THE PROBLEM » For every record, give an exact copy that has no pictures in it.

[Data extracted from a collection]

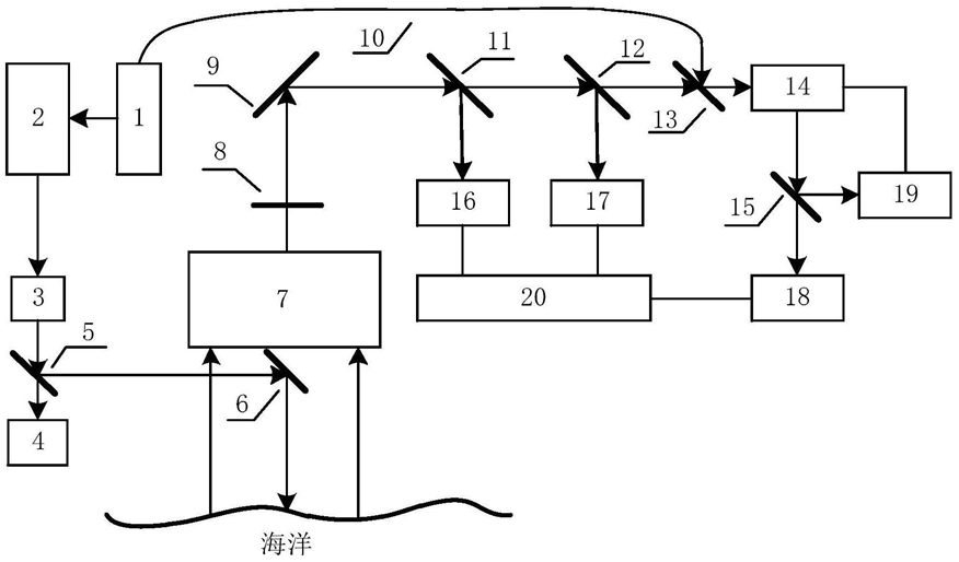 2.根据权利要求1所述的探测海洋浮游植物生物量和POC的激光雷达装置,其特征在于当系统为非偏振的高光谱分辨率激光雷达时,包括发射系统、接收系统、锁频系统、数据采集及处理系统;发射系统包括基频单纵模连续激光器、倍频单纵模脉冲激光器、扩束器、光电探测器、分光镜、反射镜;接收系统包括望远镜、窄带滤波片、反射镜、分光镜、两个倍频/基频二向色分光镜、干涉鉴频器和两个光电探测器;锁频系统包括基频单纵模连续激光器、单模光纤、干涉鉴频器、两个倍频/基频二向色分光镜和光电探测器;基频单纵模连续激光器发出的连续光经倍频后在倍频单纵模脉冲激光器中发生谐振,使倍频单纵模脉冲激光器发射的脉冲光具有单模特性;脉冲光经扩束器后由分光镜分为两路,较弱透射光由光电探测器监视出射的光强变化,较强反射光在望远镜下方经反射镜后射入海洋;望远镜收集海洋的回波信号后由窄带滤波片滤除背景光,经反射镜导入接收系统;回波信号由分光镜(12)分为两束光,一束光由接收系统的一个光电探测器(17)接收,称为混合通道;另一束光透过倍频/基频二向色分光镜(13)后,经干涉鉴频器滤除海洋颗粒米散射信号,透过海洋布里渊分子散射信号,并透过倍频/基频二向色分光镜(15)由接收系统的另一个光电探测器(18)接收,称为分子通道;利用单模光纤将基频单纵模连续激光器发射的连续光射向倍频/基频二向色分光镜(13),经倍频/基频二向色分光镜(13)反射入干涉鉴频器,由倍频/基频二向色分光镜(15)反射被光电探测器(19)接收,并反馈给干涉鉴频器使其锁定于倍频单纵模脉冲激光器;接收系统的两个光电探测器得到的光信号由数据采集及处理系统进行光电转换、采集和数字化,并将其进行海洋浮游植物生物量和POC的反演分析。
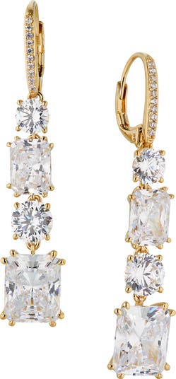 A medley of cubic zirconia stones adds just-right sparkle as they tumble the length of these versatile day-to-evening earrings.
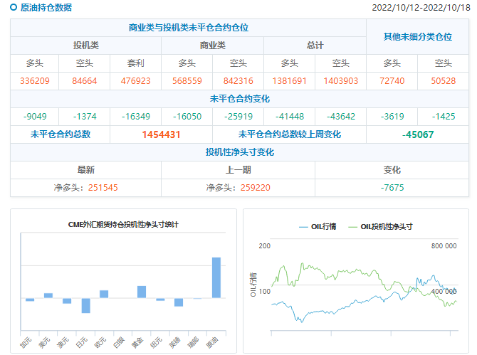 能源类持仓:截至10月18日当周,投机者所持布伦特和WTI原油净多头头寸减少52262手至356726手合约。其中WTI原油净多头头寸下降32616手至176050手合约。NYMEX天然气净多头头寸降至31843手合约,创最近逾两年新低。
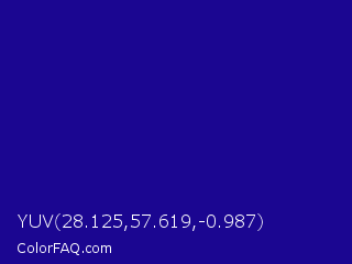 YUV 28.125,57.619,-0.987 Color is a dark indigo color and the nearest color is Ultramarine #120a8f. Hex code #1b0691 and RGB value is rgb(27,6,145). In RGB color space, this color is composed of 11% red, 2% green, 57% blue, In CMYK color space, this color is composed of 81% cyan, 96% magenta, 0% yellow , 43% black , In HSL color space, this color has a hue angle of 249° , 92% saturation and 30% lightness.
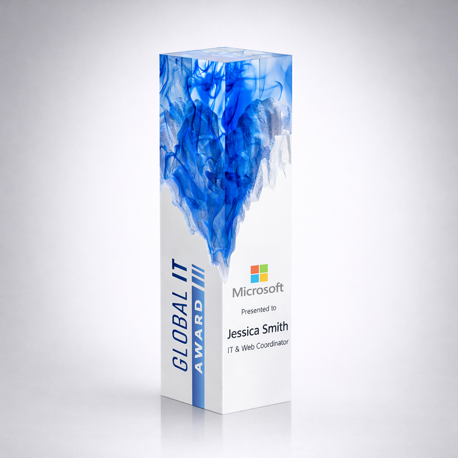 The Olympus Award is a showstopping tribute to the incredible heights of standout innovation and achievement. Set in a striking white Polystone base, this beautiful award captures the unbridled beauty of nature, elegantly encased in a sleek tower design. Its luminous acrylic ceiling is infused with vibrant billows of radiant color in your choice of blue, green, orange, or red, swirling upward into a mesmerizing ethereal bloom.
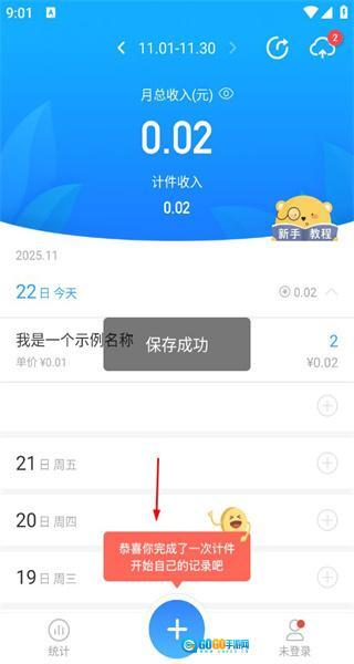 完成数据录入操作后,进入统计界面,当看到月总收入的显示以及保存成功的提示时,即可确认记录已顺利保存,之后可以继续开展其他相关操作。
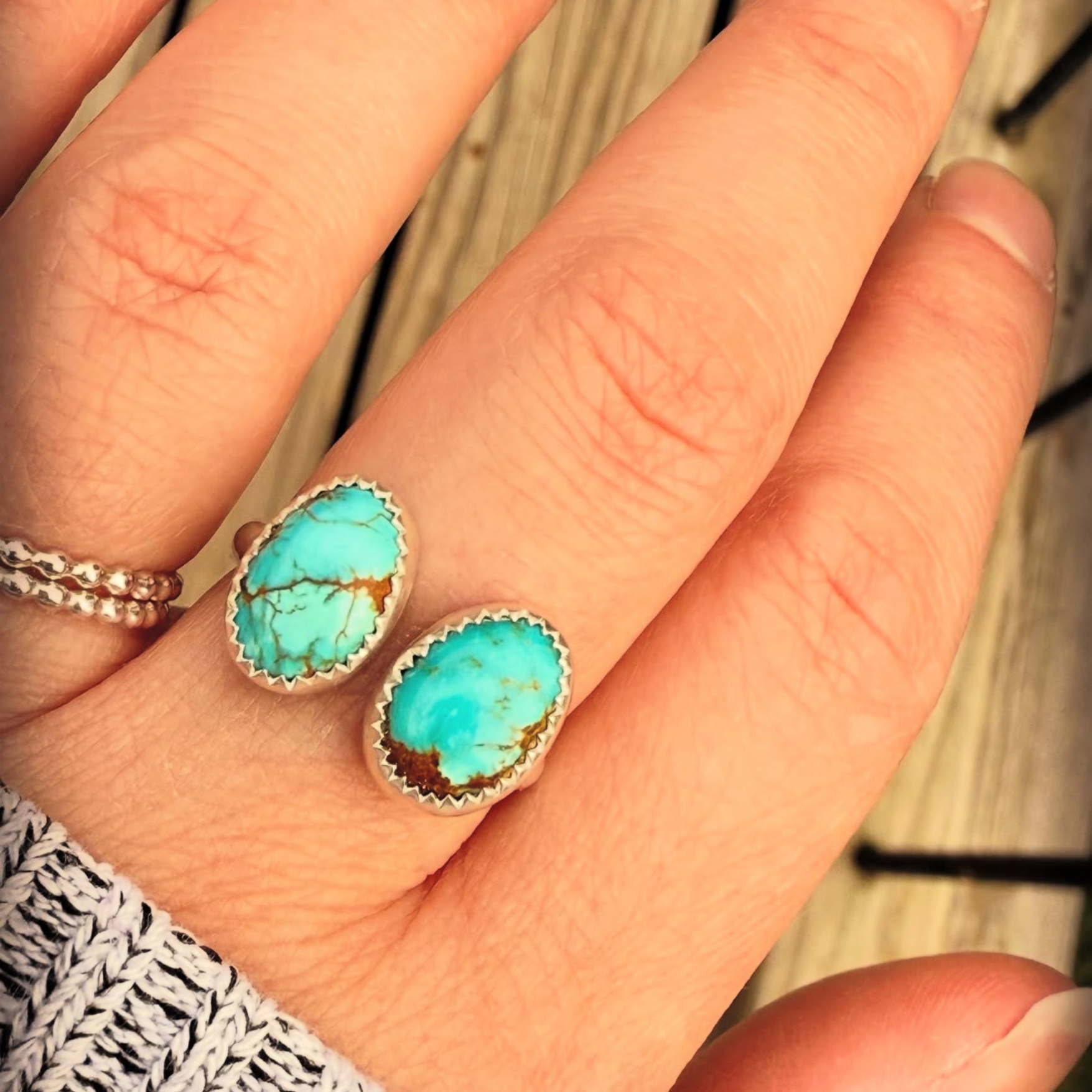Open shank ring made from Emerald Valley turquoise and sterling silver.

WRITTEN ANSWER »
 2.根据权利要求1所述的探测海洋浮游植物生物量和POC的激光雷达装置,其特征在于当系统为非偏振的高光谱分辨率激光雷达时,包括发射系统、接收系统、锁频系统、数据采集及处理系统;发射系统包括基频单纵模连续激光器、倍频单纵模脉冲激光器、扩束器、光电探测器、分光镜、反射镜;接收系统包括望远镜、窄带滤波片、反射镜、分光镜、两个倍频/基频二向色分光镜、干涉鉴频器和两个光电探测器;锁频系统包括基频单纵模连续激光器、单模光纤、干涉鉴频器、两个倍频/基频二向色分光镜和光电探测器;基频单纵模连续激光器发出的连续光经倍频后在倍频单纵模脉冲激光器中发生谐振,使倍频单纵模脉冲激光器发射的脉冲光具有单模特性;脉冲光经扩束器后由分光镜分为两路,较弱透射光由光电探测器监视出射的光强变化,较强反射光在望远镜下方经反射镜后射入海洋;望远镜收集海洋的回波信号后由窄带滤波片滤除背景光,经反射镜导入接收系统;回波信号由分光镜(12)分为两束光,一束光由接收系统的一个光电探测器(17)接收,称为混合通道;另一束光透过倍频/基频二向色分光镜(13)后,经干涉鉴频器滤除海洋颗粒米散射信号,透过海洋布里渊分子散射信号,并透过倍频/基频二向色分光镜(15)由接收系统的另一个光电探测器(18)接收,称为分子通道;利用单模光纤将基频单纵模连续激光器发射的连续光射向倍频/基频二向色分光镜(13),经倍频/基频二向色分光镜(13)反射入干涉鉴频器,由倍频/基频二向色分光镜(15)反射被光电探测器(19)接收,并反馈给干涉鉴频器使其锁定于倍频单纵模脉冲激光器;接收系统的两个光电探测器得到的光信号由数据采集及处理系统进行光电转换、采集和数字化,并将其进行海洋浮游植物生物量和POC的反演分析。
 A medley of cubic zirconia stones adds just-right sparkle as they tumble the length of these versatile day-to-evening earrings.
 能源类持仓:截至10月18日当周,投机者所持布伦特和WTI原油净多头头寸减少52262手至356726手合约。其中WTI原油净多头头寸下降32616手至176050手合约。NYMEX天然气净多头头寸降至31843手合约,创最近逾两年新低。
 YUV 28.125,57.619,-0.987 Color is a dark indigo color and the nearest color is Ultramarine #120a8f. Hex code #1b0691 and RGB value is rgb(27,6,145). In RGB color space, this color is composed of 11% red, 2% green, 57% blue, In CMYK color space, this color is composed of 81% cyan, 96% magenta, 0% yellow , 43% black , In HSL color space, this color has a hue angle of 249° , 92% saturation and 30% lightness.
 The Olympus Award is a showstopping tribute to the incredible heights of standout innovation and achievement. Set in a striking white Polystone base, this beautiful award captures the unbridled beauty of nature, elegantly encased in a sleek tower design. Its luminous acrylic ceiling is infused with vibrant billows of radiant color in your choice of blue, green, orange, or red, swirling upward into a mesmerizing ethereal bloom.
 完成数据录入操作后,进入统计界面,当看到月总收入的显示以及保存成功的提示时,即可确认记录已顺利保存,之后可以继续开展其他相关操作。
Open shank ring made from Emerald Valley turquoise and sterling silver.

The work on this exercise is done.